» Tue May 17, 2011 11:39 pm
Crysis2's story-line is derivative, overly complicated and at times downright absurd. Sure, 15-19 year olds are going to be engrossed because it's an apocalyptic alien invasion and who among us didn't think that sh!t was automatically cool when we were kids? Too bad it's been done to death. Hell, Crysis2 is almost a carbon copy of Resistance: Fall of Man (with a few extra silly plot twists thrown in that don't actually do anything to accentuate the story). It's passable video game fodder, nothing more.
Crytek had a good thing going with the Crysis and it's a damn shame they threw it away for dollar signs. All that time spent building up their characters (Psycho in particular), just to thpthhhhh crap all over it without even attempting to explain what happened to them. Now we get to play as a face-less, voice-less grunt. I've been through the campaign twice, I'm still not entirely sure if Alcatraz died in the end, and honestly, I don't even care.
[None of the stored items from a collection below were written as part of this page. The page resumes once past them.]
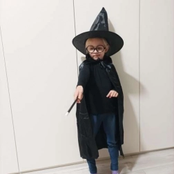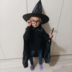 Tento stylový kostým kouzelníka nabízí všechno, co děti potřebují k vytvoření působivého a bezpečného převleku. Lehký plášť z příjemného materiálu elegantně splývá a díky vázání dobře drží na místě. Špičatý klobouk se po vyjmutí sám rozloží a vykouzlí efekt „wow”. Kulaté brýle bez skel jsou pohodlné a bezpečné při hře, hůlka z odolného plastu skvěle doplní každý trik.
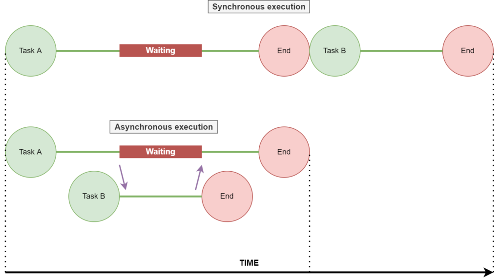 As you can see, in synchronous execution (WSGI) a single thread can only handle one request at a time. So, if the current request has some blocking code where it needs to wait for some results a lot of time is wasted (as can be seen in the waiting block in the diagram above). Only once the entire of task A is finished, can the thread move to task B.
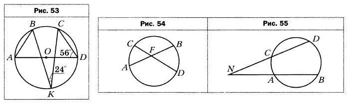 Хорды АВ и CD окружности пересекаются в точке F (рис. 54). Найдите угол AFD, если ∪AD = 142°, ∪ВС = 116°.
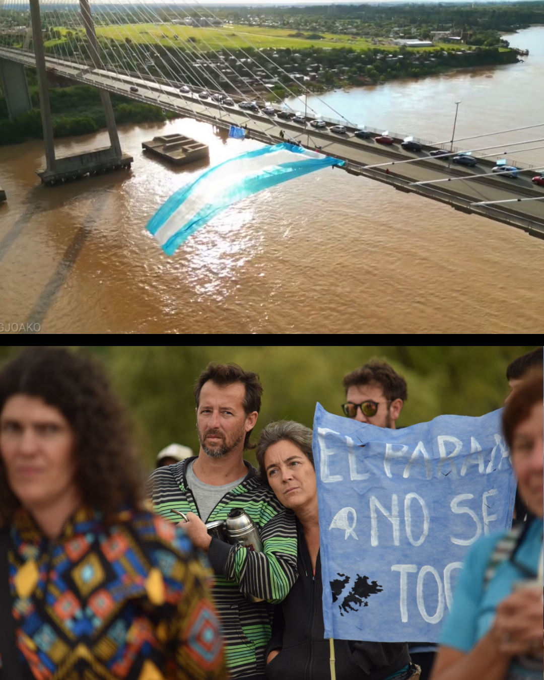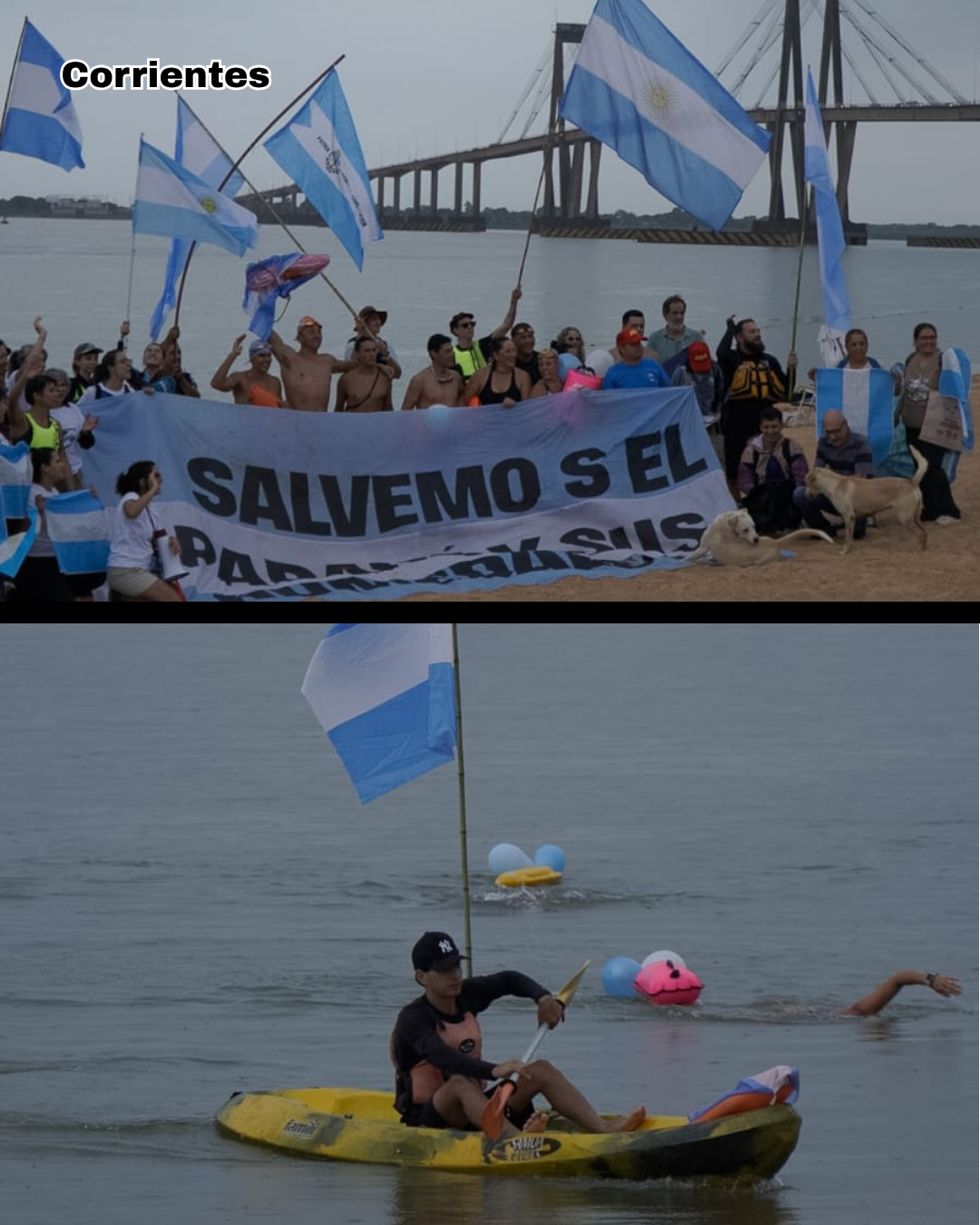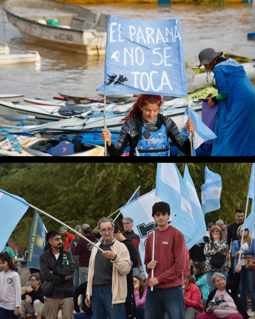 En nuestra región, un desfile de embarcaciones y kayaks portando banderas argentinas con sus consignas se concentró pasado el mediodía en la Isla de Los Mástiles, para cruzar “por agua” el río y dirigirse a la Rambla Catalunya de la ciudad de Rosario, empalmando con el recorrido “por tierra” de una gran caravana de vehículos, también embanderados, en el cruce del puente Rosario -Victoria, que desplegó desde su altura y a su paso una inmensa bandera argentina, unidos en sus cánticos por un estridente y patriótico reclamo: “¡No se vende! ¡El río no se vende! ¡El río se defiende!”

GG Crytek.
It was totaly unnecessary to introduce alcatraz anyway... after the first 5min your besically prophet and with a few plot changes you could have edited alcatraz out completely. To me it seems the death of prophet was just there to fully serve the link to crysis1 nothing more nothing less.
Exactly. There was NO reason to kill off Prophet except, like you said, to sever the link to Crysis and make it so that console gamers don't have to worry about not having played the first game in the series. The game makes so much more sense with Prophet at the helm. Hell, every single NPC in the game is calling you Prophet for the first 2 hours of the game, and the Cell grunts continue to call you Prophet 'til the end! You're running around in Prophet's Nano-suit, with Prophet's memories popping up at random. For all intents and purposes, you are Prophet. Jeez, what the hell was Crytek thinking? I'm not even blaming the writer for this hogwash, because I'm sure that whatever script he turned in was based on exactly what Crytek told him to write.